First, you need to "import" the correct key for SRA-tools to use via vdb-tools
in the compute environment where you're doing the downloading. This is a per-project key. So you'll have a different key for GTEx than for some other dbGaP project.
This project key should be downloadable from dbGaP after 1) logging in using your eRA/other dbGaP username/password and 2) gaining access to a specific dbGaP protected project (e.g. GTEx). The exact flow is:
- Click on the "dbGaP Data Browser" from the dbGaP main page
- Click the "My Projects" sub-tab under the "Authorized Access" tab (this should be default), you should then see a list of projects your dbGaP user is authorized to download from
- To the far right of the project you want to download from there should be a list of links, click the last one "get dbGaP repository key"
The key filename will look something like:
prj_8716_D19642.ngc
where the 8716
denotes the project ID and it'll have what is essentially a password string (mine has 16 characters) within it.
MAKE SURE YOU chmod
THE FILE PERMISSIONS TO BE READ/WRITABLE ONLY BY YOU!
This is the key file to import into SRA Tools.
You should use vdb-config -i
to 1) import the key file and 2) update the path of the destination where you plan to at least initially download the SRA files.
Once imported, it will create a new file in the config directory, e.g.:
$HOME/.ncbi/dbGap-8716.enc_key
Once you've run vdb-config -i
initially, you can also directly edit the $HOME/.ncbi/user-settings.mkfg
to at least change paths, despite the warning not to do this.

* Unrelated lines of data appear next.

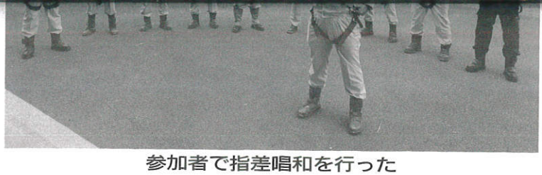
参加者で指差唱和を行った

担い手の確保・育成 受注機会確保 労働環境の改善 技術力の維持・向上 建設産業の魅力発信 ICT技術の活用 お問い合わせ 〒901-0152 沖縄県那覇市宇小塚 1831-1 314号室 ☎: 050-3628-8590 FAX: 098-917-0022 [担当: 比嘉、赤嶺] HP http://www.oki-shindan.or.jp E-mail jsmeca47@oki-shindan.or.jp 一般社団法人 沖縄県中小企業診断士協会
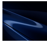
42M „Deep Crystal Blue“
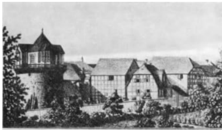
Abb. 4. Die Sternwarte in Göttingen
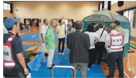
防災倉庫用品の点検(城南校区)
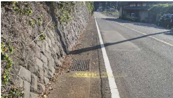
14.5975km(女子 4 区中間)
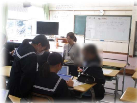
日本の音階を使った旋律づくり 思いや意図を共有する
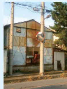
青柳8丁目地内 他多数
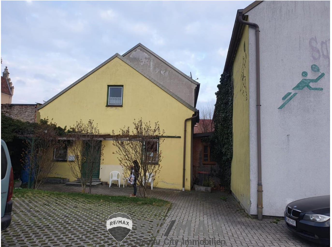
GWO 3580 Horn - Aussenansicht
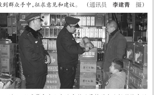
近日,阴平警务室配合派出所开展辖区九小场所检查活动,检查消防设施的配备、安全出口及疏散通道畅通等,并培训业主灭火器的使用方法。此次活动,查出隐患4处,责令现场整改2处,限期整改2处。
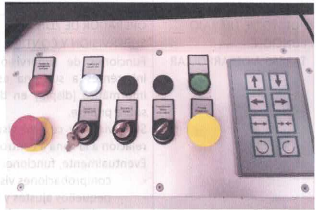
Botonera de control sobre el pupitre
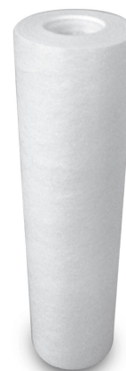
Foto indicativa. La scelta dell'attacco e delle misure comporteranno l'assemblaggio di un prodotto che potrebbe differire da quanto mostrato in figura
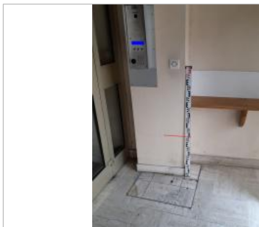
Laisse de crue dans le hall du 7 rue du parc au duc
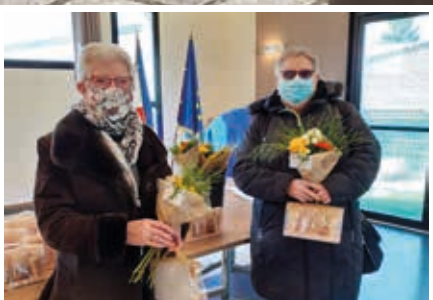
Les couturières bénévoles de la crise sanitaire à l'honneur.
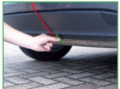
6. Attacher le crochet à un point fixe du véhicule sous le pare-chocs tel que l'anneau de remorquage ou le bas du pare-chocs.
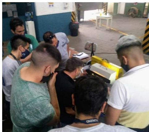
Figura 2: Primer curso semi-presencial con prácticas dictadas en planta. Articulación AAENDE-INTI.

En noviembre de 2021 ambas instituciones presentan la propuesta de la creación del observatorio a los actores relevantes del sector, en el marco de la XIIª edición del Congreso Regional de Ensayos No Destructivos y Estructurales (CORENDE), organizado conjuntamente por el INTI y la Asociación Argentina de Ensayos No Destructivos y Estructurales (AAENDE).
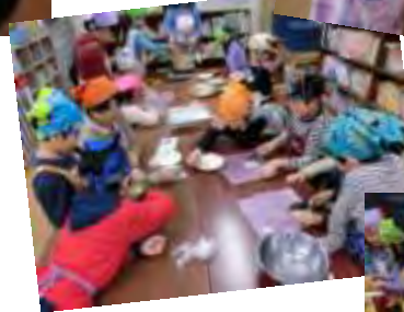
進級カレーパーティー
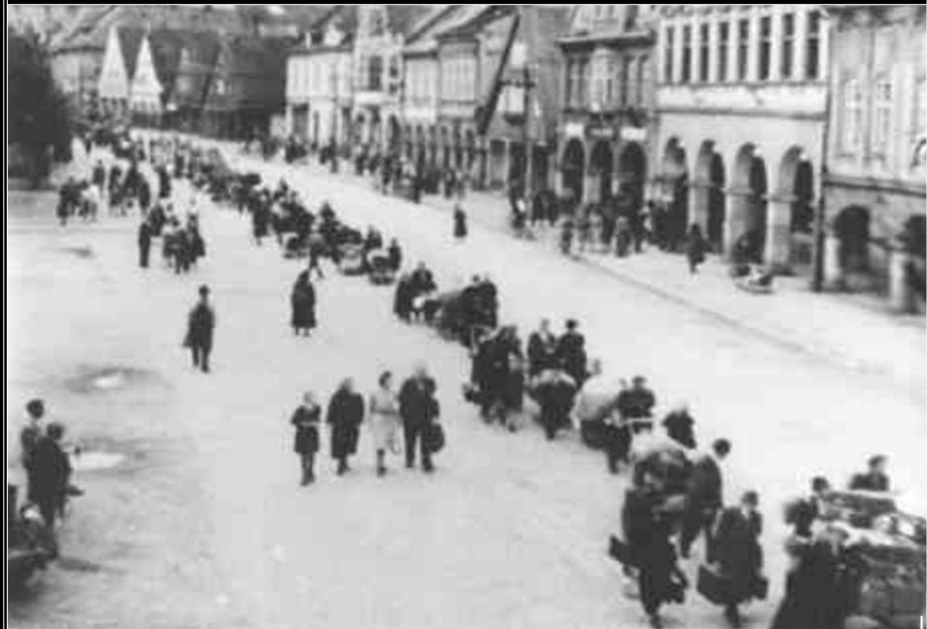
1945 odsun Sudetských Němců z Vrchlaví.
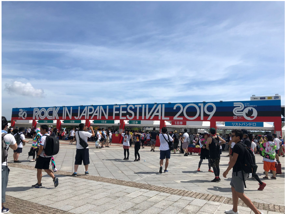
音樂祭 ROCK IN JAPAN(位於茨城縣)
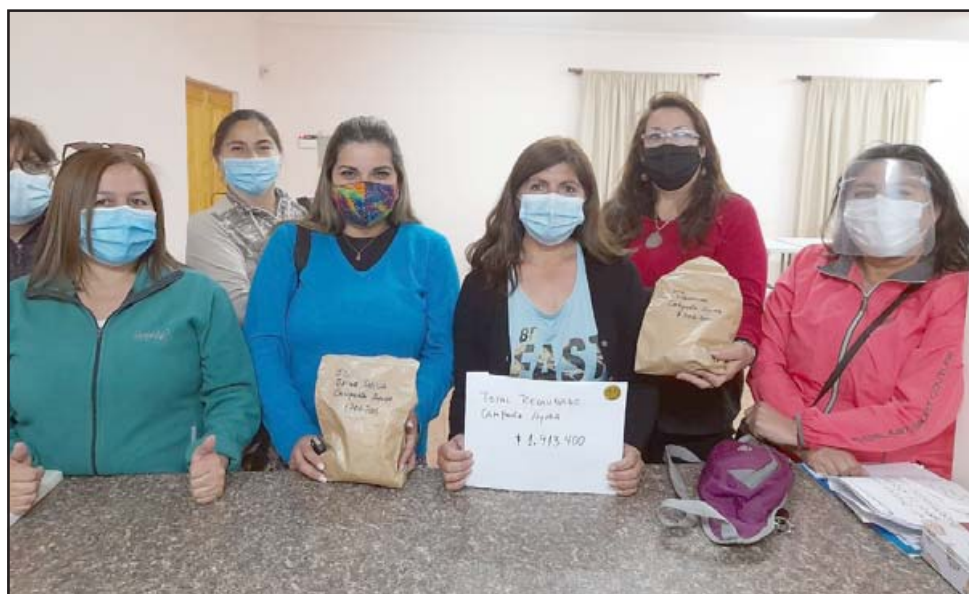
FUERZA SOLIDARIA.- Estas vecinas de Villa El Señorial se pusieron las pilas y reunieron casi un millón y medio de pesos para apoyar a sus vecinos.
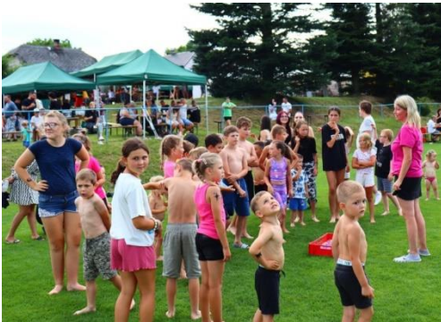
Příprava na balónkovou bitvu
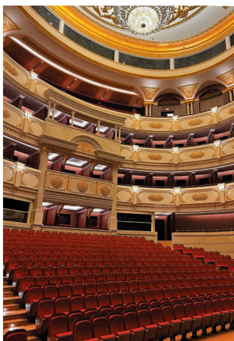
▲對於歌劇院來說，良好的聲音效果對演出成功至關重要。
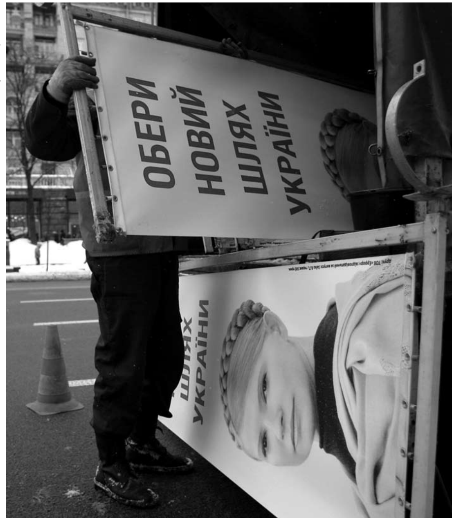
Демонтаж передвиборної агітації

У цьому сенсі Янукович не просто совок, а й рагуль, провінційний лох, який випадково потрапив на царський трон і не відає до пуття, що з тим скіпетром та іншим причандаллям робити. Невіглас на троні – це, звісно, не найбільше лихо, якщо довкола
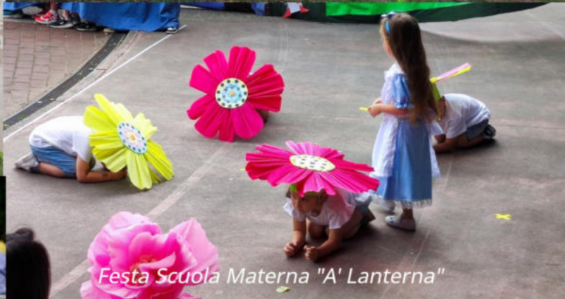
Festa Scuola Materna "A' Lanterna"
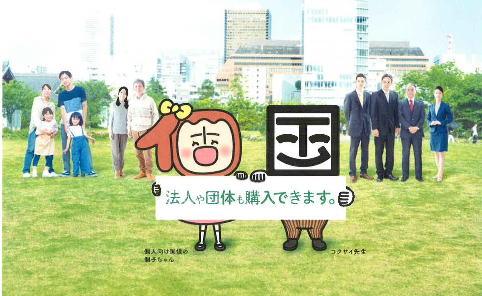
個人向け国債の 個子ちゃん

Second, you need to be careful about the filesystem path you download/convert the protected data to/in using prefetch
and fastq-dump
.
If you're not, you will receive errors of the type:
prefetch.2.9.1 err: query unauthorized while resolving query within virtual file system module - failed to resolve accession 'SRR1440541' - Access denied - please request permission to access phs000424/GRU in dbGaP ( 403 )
(substituting the version of prefetch/run_accession/study_accession you're using)
This is referenced in this issue: https://github.com/ncbi/sra-tools/issues/9
and appears very briefly in the dbGap-specific section of the SRA-tools official wiki (near the end): https://github.com/ncbi/sra-tools/wiki/HowTo:-Access-SRA-Data
The best approach is to initially configure SRA-tools to use the actual path you want to download the dbGaP data to; e.g. probably a filesystem which is 1) large and 2) performant for concurrent read/writes (such as a Lustre-based FS).
- The directory referenced in the SRA-tool configuration (e.g. via
vdb-config -i
) needs to be the parent of all download directories/files for the specific dbGaP project - The directory cannot be NFS mounted
Contrary to my previous understanding, the path in the configuration does NOT need to have the dbGaP-<projID>
as part of its path.
You may also want to use a symlink.
This does work, however, the non-NFS FS requirement still applies and it still needs to be the root of all downloads/conversions.
This becomes slightly trickier when run within a container (Docker/Singularity).
The way to do this in a container is to create the "root" path referenced in the vdb-config
for the specific dbGaP project to be a symlink to a path within the container where the data will be saved.
The path will be marked as broken by the filesystem outside of the container, but as long as it's valid within the container this is fine. This path can then separately be mapped via the container to a real filesystem path elsewhere.
An example of this on MARCC for GTEx is (where $HOME
is my MARCC home directory):
$HOME/ncbi/dbGaP-8716
which in turn is symlinked to:
/home/recount-pump/dbGaP-8716
which only resolves inside a properly configured Singularity container. This may not work with Docker due to home directories not being automatically mounted in Docker containers.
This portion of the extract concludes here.